#### Exercise directions:
Set the images aside and retype the whole listing exactly.

[[ Dataset content open ]]

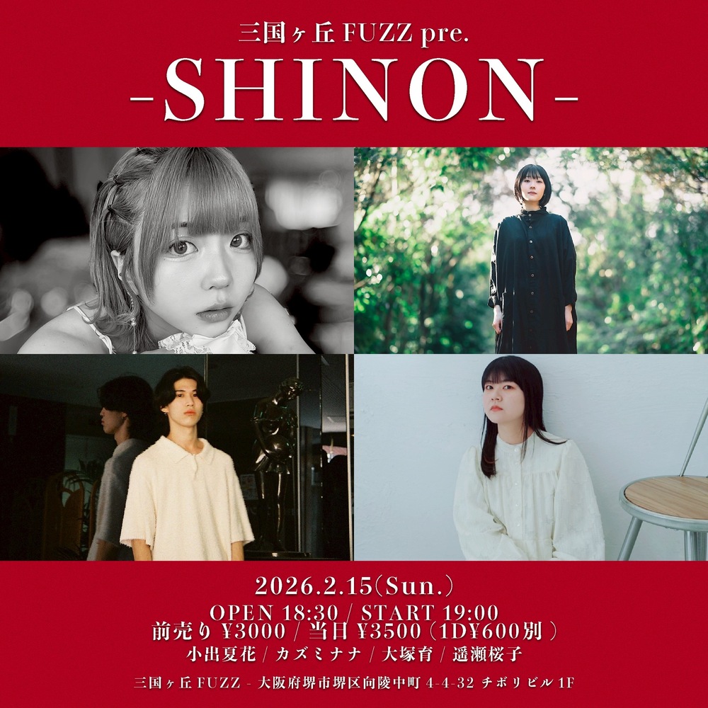 三国ヶ丘FUZZ Pre. -SHINON- SCHEDULE 2026/02/15(日) 三国ヶ丘FUZZ 地図を表示 OPEN 18:30 / START 19:00 遥瀬桜子 / 大塚育 / カズミナナ / 小出夏花 ADV ¥3,000 / DOOR ¥3,500 https://sakuttomato.bitfan.id/q/3847 URLをコピーする 報告する
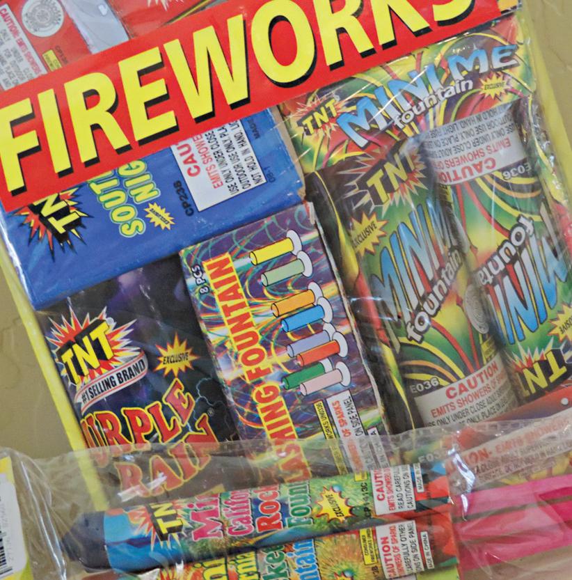 Sparklers, caps, poppers and snakes are novelty items and can be purchased and used throughout the year. Consumer fireworks, such as ground-based sparklers that emit showers of sparks are what are available at the tents and stores. These are the restricted fireworks for use only between Tuesday, June 24, and Sunday, July 6. Finally, the prohibited “aerial” consumer fireworks are the types used in the permitted public fireworks displays only. These include skyrockets and firecrackers that are not allowed by law to consumers.
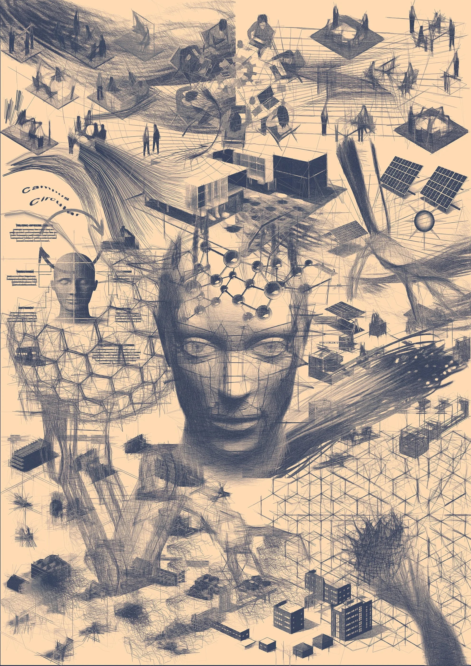 As minhas obras, concebidas para serem expostas em formato A2, partem de uma narrativa visual fluída para criar composições intrincadas e complexas que incluem a maioria dos elementos mencionados nos textos em que se baseiam: dos Departamentos de Ciências dos Materiais (DCM), Química (DQ) e Ciências Sociais e Aplicadas (DCSA).
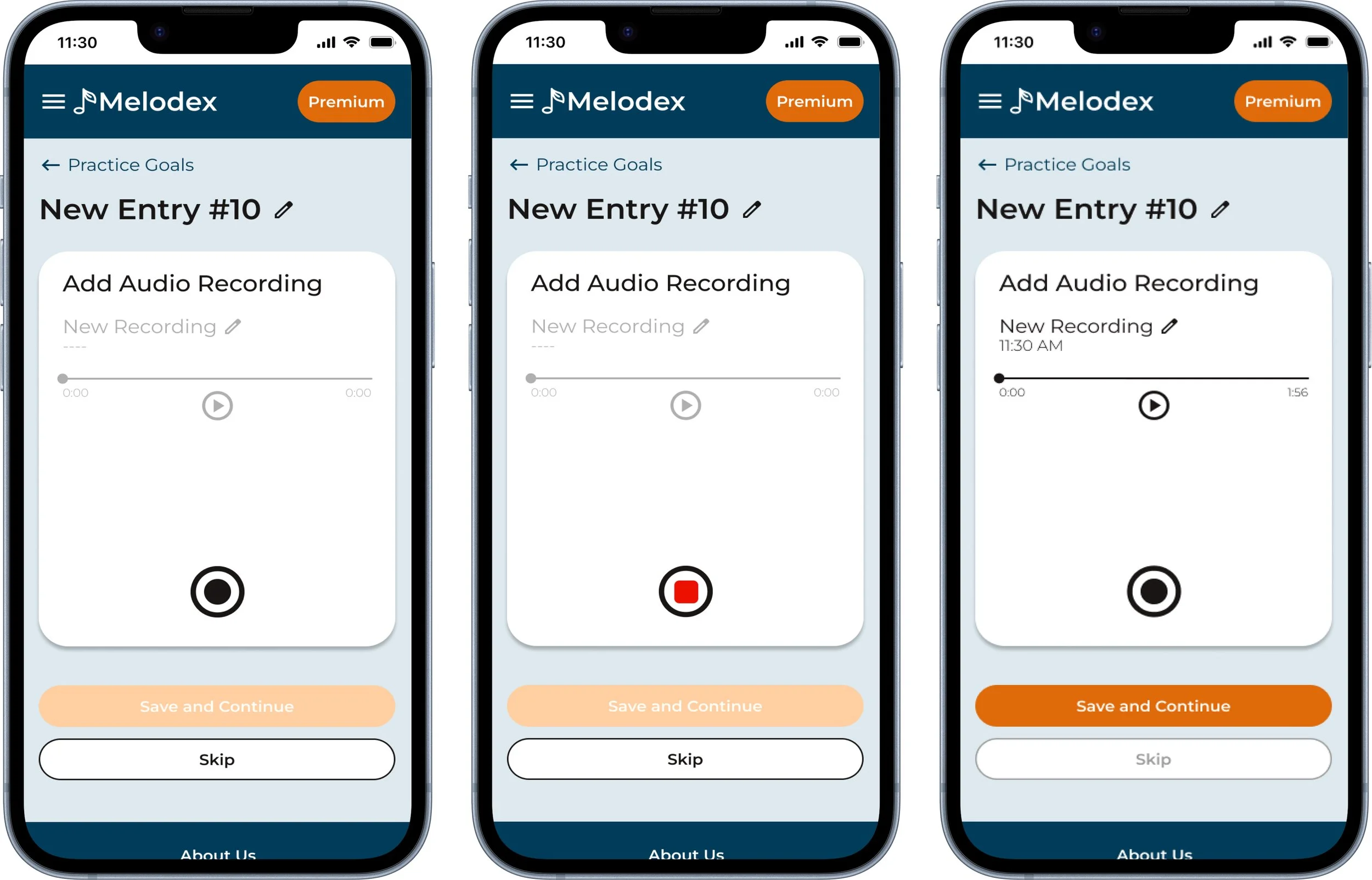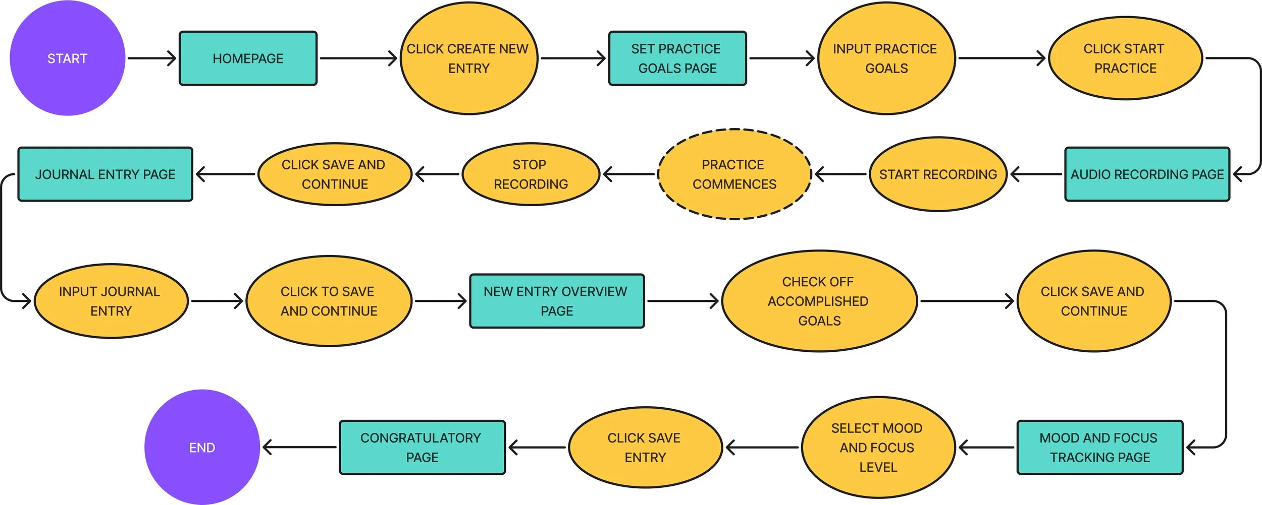 Each practice, users can go through process of saving an entry including setting practice goals, saving an audio recording, and writing a journal entry

[[ Dataset content closed ]]

#### The completed task:
 三国ヶ丘FUZZ Pre. -SHINON- SCHEDULE 2026/02/15(日) 三国ヶ丘FUZZ 地図を表示 OPEN 18:30 / START 19:00 遥瀬桜子 / 大塚育 / カズミナナ / 小出夏花 ADV ¥3,000 / DOOR ¥3,500 https://sakuttomato.bitfan.id/q/3847 URLをコピーする 報告する
 Sparklers, caps, poppers and snakes are novelty items and can be purchased and used throughout the year. Consumer fireworks, such as ground-based sparklers that emit showers of sparks are what are available at the tents and stores. These are the restricted fireworks for use only between Tuesday, June 24, and Sunday, July 6. Finally, the prohibited “aerial” consumer fireworks are the types used in the permitted public fireworks displays only. These include skyrockets and firecrackers that are not allowed by law to consumers.
 As minhas obras, concebidas para serem expostas em formato A2, partem de uma narrativa visual fluída para criar composições intrincadas e complexas que incluem a maioria dos elementos mencionados nos textos em que se baseiam: dos Departamentos de Ciências dos Materiais (DCM), Química (DQ) e Ciências Sociais e Aplicadas (DCSA).
 Each practice, users can go through process of saving an entry including setting practice goals, saving an audio recording, and writing a journal entry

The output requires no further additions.